Последним свидетелем Ловат-Смита был Уильям Монк. Детектив с каменным лицом поднялся по ступенькам на место свидетеля и холодно поглядел в зал суда. Как это обычно бывало, он уже знал от выходивших из зала репортеров, клерков и зевак, чего Рэтбоун добивался от Береники Росс-Гилберт. А потому сыщик был разъярен еще перед первым вопросом.
– Мистер Монк, – осторожно начал допрашивать его Уилберфорс; он знал, что перед ним враждебно настроенный свидетель, однако его показания не подлежат сомнению. – Вы больше не служите в полиции и занимаетесь частными расследованиями, не так ли?
– Да.
– Вас наняли, чтобы провести расследование убийства Пруденс Бэрримор?
– Да. – Детектив не собирался предоставлять суду никакой дополнительной информации. Краткость его ответов не отталкивала публику. Ощутив антагонизм между ним и обвинителем, она старалась не пропустить ни одного их слова и взгляда.
– И кто же вас нанял? Семейство мисс Бэрримор? – спросил Уилберфорс.
– Леди Калландра Дэвьет.
Герберт выпрямился на скамье подсудимых, а лицо его внезапно напряглось, и между бровями пролегла небольшая вертикальная морщинка.
– И вы присутствовали на похоронах мисс Бэрримор в этом качестве? – продолжал Ловат-Смит.
– Нет, – отрывисто отвечал сыщик.
Если он и надеялся смутить обвинителя, то преуспел в этом лишь отчасти. Инстинкт или же выражение на непреклонном лице свидетеля заставили юриста не допытываться дальше, зачем он пришел на похороны, поскольку он не знал, что тот может ответить.

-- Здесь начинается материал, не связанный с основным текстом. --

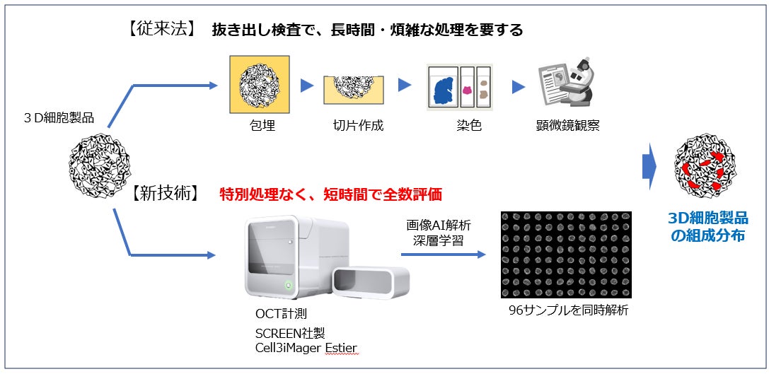従来は細胞組織の内部状態の評価には、煩雑な試料処理が必要でしたが、OCT技術とAI/深層学習を用いた新しい評価技術によって、特別な処理なく、短時間での全数評価が実現しました。(上:従来法、下:新技術)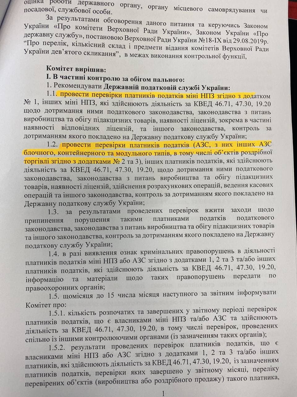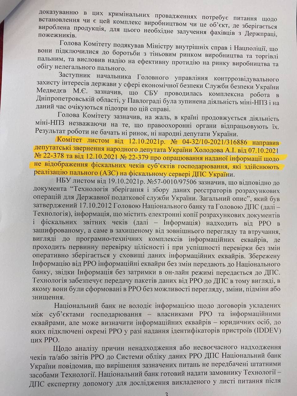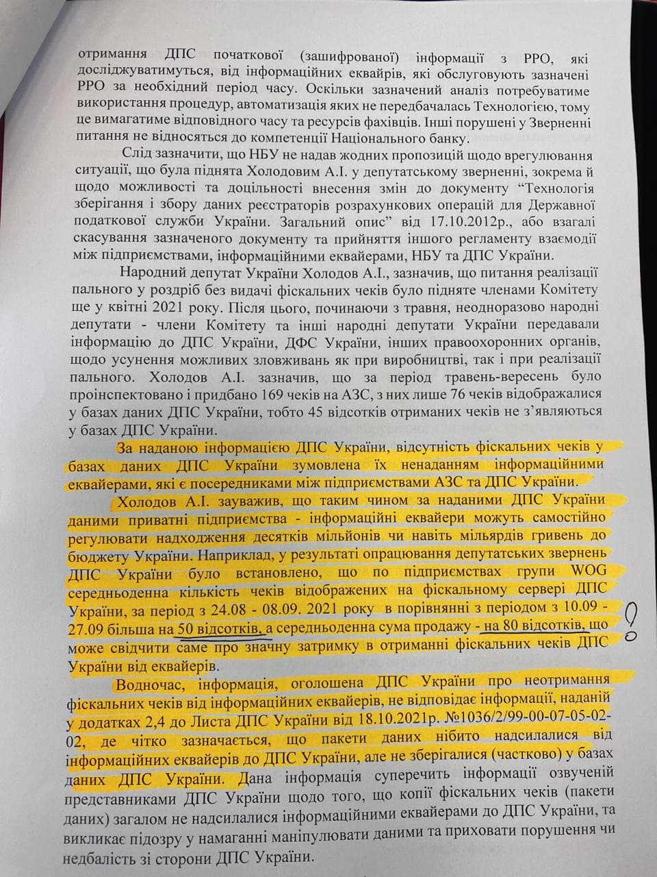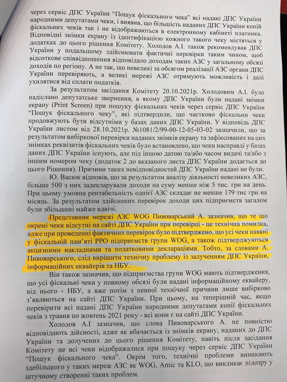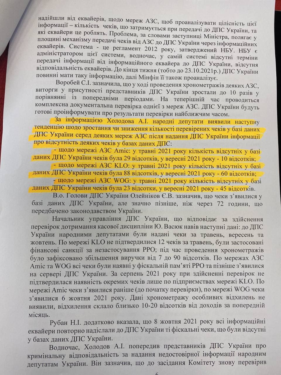 Нардеп Андрей Холодов поднял вопрос регистрации кассовых чеков на АЗС, которая выполняется в полном объеме. «Мы можем допустить, что 30-40% топливных чеков не пробивается», - сообщил он, упомянув, что задержку передачи данных на серверы налоговой могут осуществлять две эквайринговых компании: «Укркард» и «Интерплат». По данным налоговой в Украине на АЗС работает около 300 тыс. кассовых аппаратов. Кроме того Холодов поднял вопрос отпуска топлива конечному потребителю (физ. лицу) по талону, купленному за наличные деньги у предприятия, которое приобретало нефтепродукты для собственного потребления: «Через эту схему идет до 10% недоплаты в госбюджет налогов».

– Но вы были там? – проговорил Уилберсорф, предпринимая обходной маневр.
– Да.
– А семья мисс Бэрримор знала о вашем отношении к делу?
– Да.
Теперь в комнате не было слышно ни звука. Звучавшая в голосе Уильяма ярость и его мужественное лицо заставили всех примолкнуть… Тишину не нарушали ни шорох, ни шепот, ни какое-либо движение.
– И сестра мисс Бэрримор, миссис Фейт Баркер, сама предоставила вам известные письма? – спросил Ловат-Смит.
– Да.
Обвинитель с трудом сохранял внешнее спокойствие:
– И вы взяли их. О чем вы узнали из этих писем, мистер Монк?
– Письма от Пруденс Бэрримор к ее сестре, – рассказал детектив, – в форме, близкой к дневнику, описывали почти каждый день последних трех с половиной месяцев ее жизни.
– И вы прочитали их целиком?
– Естественно.
Уилберфорс извлек стопку бумаг и подал их свидетелю:
– Это те самые письма, которые предоставила вам миссис Баркер?
Монк поглядел на письма, хотя в этом не было нужды. Он уже узнал их.
– Это они, – подтвердил он все так же кратко.
– А не согласились бы вы прочесть перед судом первое – то, которое я пометил красной лентой?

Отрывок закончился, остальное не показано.